Often, grievers become anxious about their ability to take care of themselves following a loss. Also they may become concerned about the well-being of other loved ones.
•Physical, behavioral and cognitive symptoms. Often, grief is accompanied by periods of fatigue, loss of motivation or desire for things that were once enjoyable, changes in sleeping and eating patterns, confusion, preoccupation,
and loss of concentration.
Suffering is often the most painful and protracted stage for the griever, but it is still necessary. For most people, these many emotional and physical reactions are common symptoms that will stabilize and diminish with time as the
person moves through the grieving process. If these symptoms persist, it may be important to seek professional help.
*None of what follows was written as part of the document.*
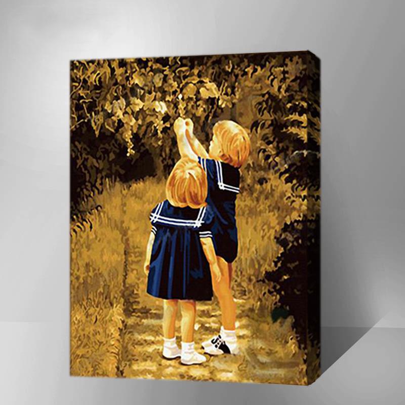 MADE4U [ Figure Series ] [ 20" ] [ Wood Framed ] Paint By Numbers Kit with Brushes and Paints (Childhood G229)

Reorganization and recovery: As one slowly makes the adjustment to all the ways in his or her life that have changed as a result of the loss, a sense of reorganization and renewal begins to evolve. Life is forever changed after a significant
loss, but you slowly learn how the different aspects of your life become reprioritized as you “pick up the pieces” and begin to move on. As recovery takes place, the individual is better able to accept the loss, resume a "normal" life,
and to reinvest time, attention, energy and emotion into other parts of his/her life. The loss is still felt, but the loss has become part of the griever's more typical feelings and experiences. Many times, in widowhood, one is so much a part of
their spouse, that new definitions of identity must take place for healing. For the elderly after a lifetime of defining themselves in terms of their marriage relationships, this may take the rest of their lives.
Coping With Grief
The grieving process is very personal and individual - each person goes through his or her grief differently. Some people reach out for support from others
and find comfort in good memories. Others become very busy to take their minds off the loss. Some people become depressed and withdraw from their peers or go out of the way to avoid the places or situations
that remind them of the person who has died. Just as people feel grief in many different ways, they handle it differently, too.
For some people, it may help to talk about the loss with others. Some do this naturally and easily with friends and family, others talk to a professional therapist. Some people may not feel like talking about it much at all because
it's hard to find the words to express such deep and personal emotion or they wonder whether talking will make them feel the hurt more.
A few people may act out their sorrow by engaging in dangerous or self-destructive activities. Doing things like drinking, drugs, or cutting yourself to escape from the reality of a loss may seem to numb the pain, but the feeling is
only temporary. The person isn't really dealing with the pain, only masking it, which makes all those feelings build up inside and only prolongs the grief.
Grief puts a great stress on the physical body as well as on the psyche, resulting in wear and tear beyond what is normal. Further, grief is often accompanied by crying, lack of sleep, loss of appetite, and ceasing to care for one's
physical and emotional well being. All these can contribute to a predisposition for illness in bereavement.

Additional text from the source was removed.